Thanks for any help!

hi @jayant91089 , the CPUDispatcher object (aka the numba function) that wraps the compiled is a complex, stateful object. I’ve never tried what you did, but I’m not surprised that this happened. Please remember that numba compiles on demand (and saves the compiled function for future re-use), so depending on the arguments that you have passed in this particular session you will get different content at the byte level.
I’m guessing that you will have to write a custom serializer to pickle your object (pickle — Python object serialization — Python 3.9.2 documentation), and make sure that you clean all state from the CPUDispatcher. A way to do this, could be, while pickling, to save only the python function (attribute .py_func of the dispatcher), and when unpickling to apply the decorator again.

hope this help,
Luk

1 Like

@luk-f-a thank you very much for a quick response. I wrote __getstate__ and __setstate__ methodsof the NumbaColumnTransformer as follows and pickling looks consistent now! I hope this is what you meant by “write custom serializer”?

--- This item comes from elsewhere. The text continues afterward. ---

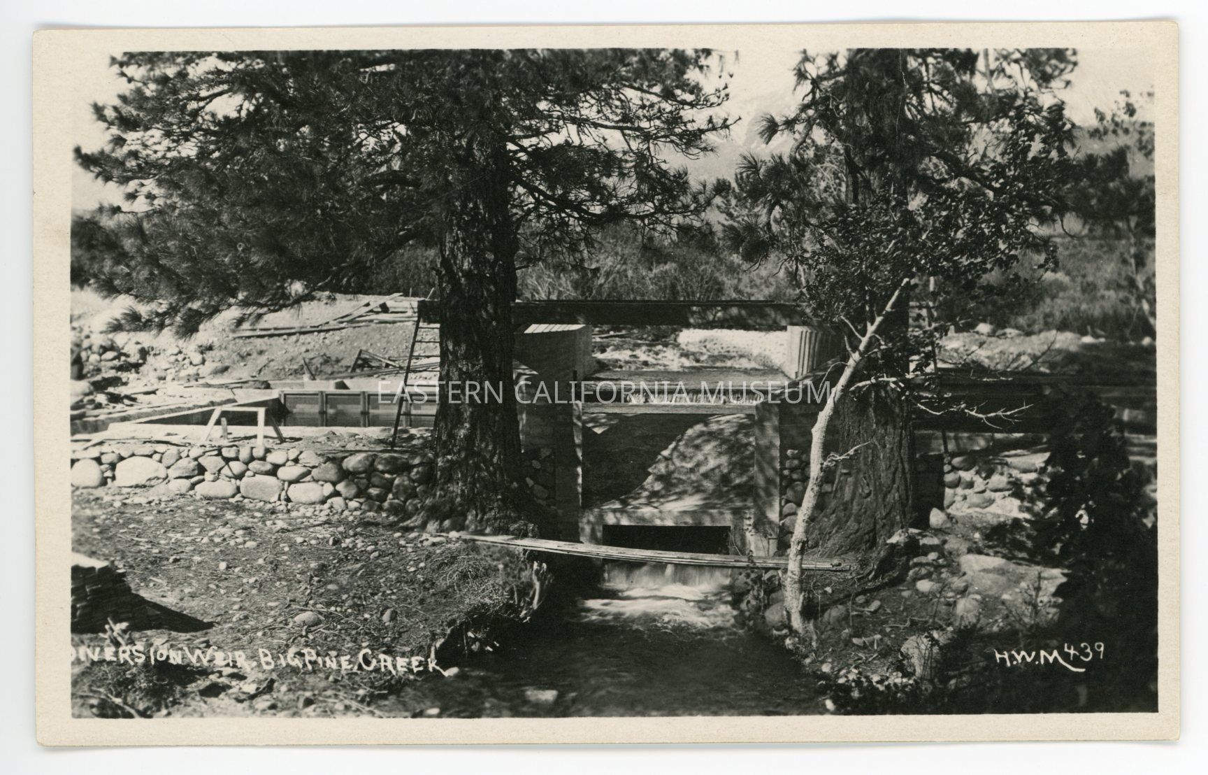 Photo postcard titled, "Division Weir, Big Pine Creek" taken by photographer H. W. Mendenhall and given his ID #439.Collection

    def __getstate__(self):
        state = self.__dict__.copy()
        # remove the numba version of function
        del state['apply_func']
        return state

    def __setstate__(self,state):
        self.__dict__.update(state)
        # restore the numba function
        self.apply_func = numba.jit(self.func,forceobj=True)

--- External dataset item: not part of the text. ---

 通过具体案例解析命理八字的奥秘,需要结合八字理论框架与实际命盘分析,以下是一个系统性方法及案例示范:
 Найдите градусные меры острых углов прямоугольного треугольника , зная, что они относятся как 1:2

Basically I am just removing apply_func which was the jit created CPUDispatcher stored as attribute of the class, and recreating it with __setstate__.

EDIT 1: basically I am whole-heartedly throwing away the CPUDispatcher when pickling. Is there any reason to keep the CPUDispatcher and cleaning the stateful parts of its __dict__ instead?

yes, that’s what I meant. I don’t think you need to keep the dispatcher.

Is the pickling working now?

Yeah, it is identical between sessions now!

I was premature to declare it solved…I had to further modify __setstate__ as follows to make sure the transformer loaded from the pickle worked. Basically I had to mimic the flow in __init__ to create the CPUDispatcher in an identical manner.

    def __getstate__(self):
        state = self.__dict__.copy()
        # remove the numba version of function
        del state['apply_func']
        return state

    def __setstate__(self,state):
        self.__dict__.update(state)
        numba_func = numba.jit(self.func,forceobj=True)
        def apply_func(col_a):
            n = len(col_a)
            result = np.empty(n, dtype='float64')
            for i in range(n):
                result[i] = numba_func(col_a.values[i])
            return result
        self.apply_func = numba.jit(apply_func,forceobj=True)